▶ _Available data_
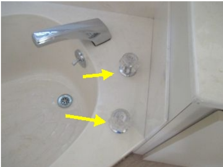
Tub faucet did not operate properly. Water is turned off at shutoffs located in the vanity access panel.
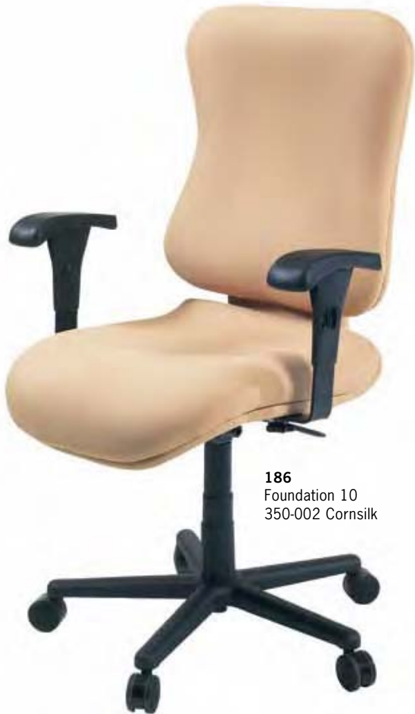
186 Foundation 10 350-002 Corsilk
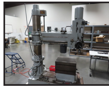
ARBOGA RADIAL DRILL
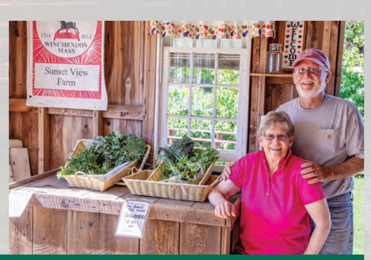
Locally grown fruits and vegetables are sold in the colorful roadside farmstand throughout the growing season.
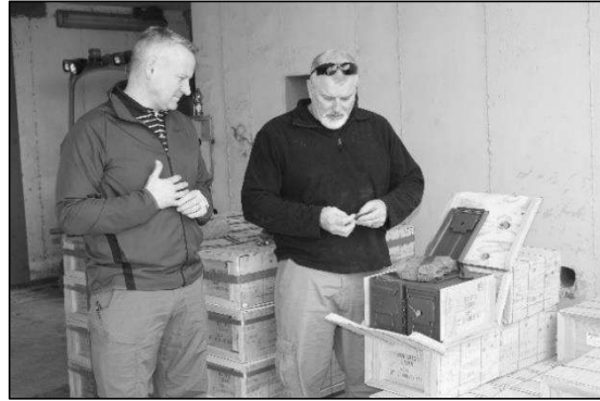
Figure 10. Army Officers Inspect WRSA-I
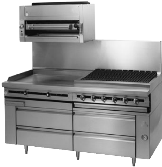
JRLH-04R-T-72 shown with JSB-36RM, JMRH-36GT, JMRH-36B
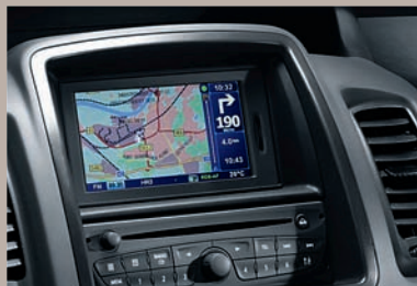
Satellite navigation Optional TomTom-based system features a useful remote control unit.
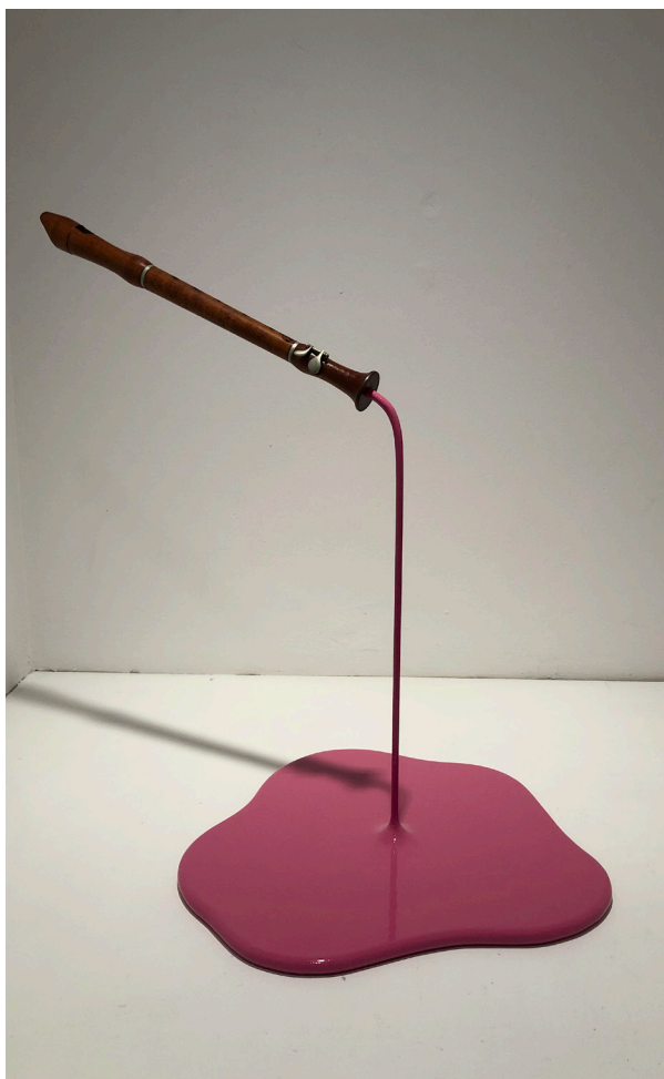
Die Zauberflöte 2019

sculpture | flute, metal, MDF, filler, lacquer | 72x74x50cm
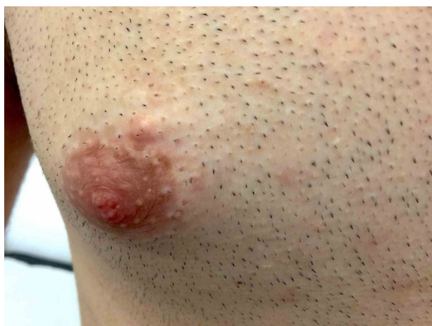
Figure 1 Velvety, soft, and pink papule located on the right periareolar region, corresponding to a superficial cutaneous myxoma.

ferential diagnosis of these tumors with other dermic and hypodermic lesions. In this case report, the authors describe for the first time the ultrasonographic features of both superficial and subcutaneous myxomas in a patient with CNC.
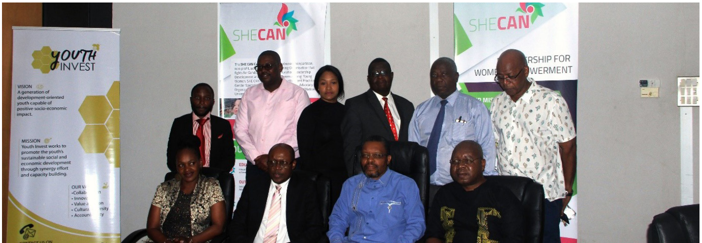
NUST and SHECAN members

A Zimbabwean based NGO called SHECAN launched an MBA scholarship and a leadership fellowship programme in conjunction with the NUST Graduate School of Business and the Ministry of Women Affairs, Gender and Community Development.
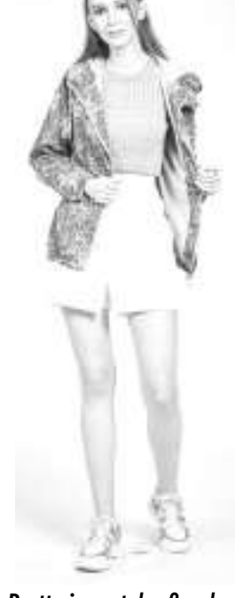
Pretty in pastels: floral printed full zip jacket, knitted cropped top, and twill shorts.

The Surplus coat and jacket collection is available in Surplus stores in most SM malls nationwide.
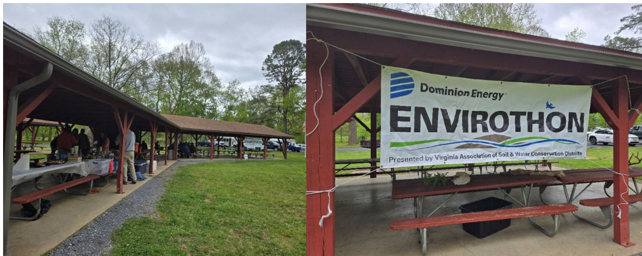
Pictured above: Envirothon event at Grand Caverns.
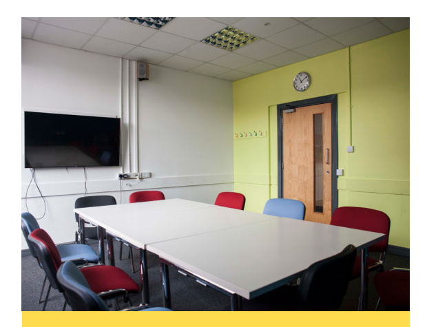
HALF DAY (9AM-12:30PM OR 1:30-5PM)

A boardroom space for up to eight people.

▶ _Work task_
Using the records above, print exactly the lines between the ones containing "Satellite navigation Optional" and "HALF DAY (9AM-12:30PM OR 1:30-5PM)", inclusive, and nothing else; no pictures.

▶ _Exercise response_
Satellite navigation Optional TomTom-based system features a useful remote control unit.
Die Zauberflöte 2019

sculpture | flute, metal, MDF, filler, lacquer | 72x74x50cm
Figure 1 Velvety, soft, and pink papule located on the right periareolar region, corresponding to a superficial cutaneous myxoma.

ferential diagnosis of these tumors with other dermic and hypodermic lesions. In this case report, the authors describe for the first time the ultrasonographic features of both superficial and subcutaneous myxomas in a patient with CNC.
NUST and SHECAN members

A Zimbabwean based NGO called SHECAN launched an MBA scholarship and a leadership fellowship programme in conjunction with the NUST Graduate School of Business and the Ministry of Women Affairs, Gender and Community Development.
Pretty in pastels: floral printed full zip jacket, knitted cropped top, and twill shorts.

The Surplus coat and jacket collection is available in Surplus stores in most SM malls nationwide.
Pictured above: Envirothon event at Grand Caverns.
HALF DAY (9AM-12:30PM OR 1:30-5PM)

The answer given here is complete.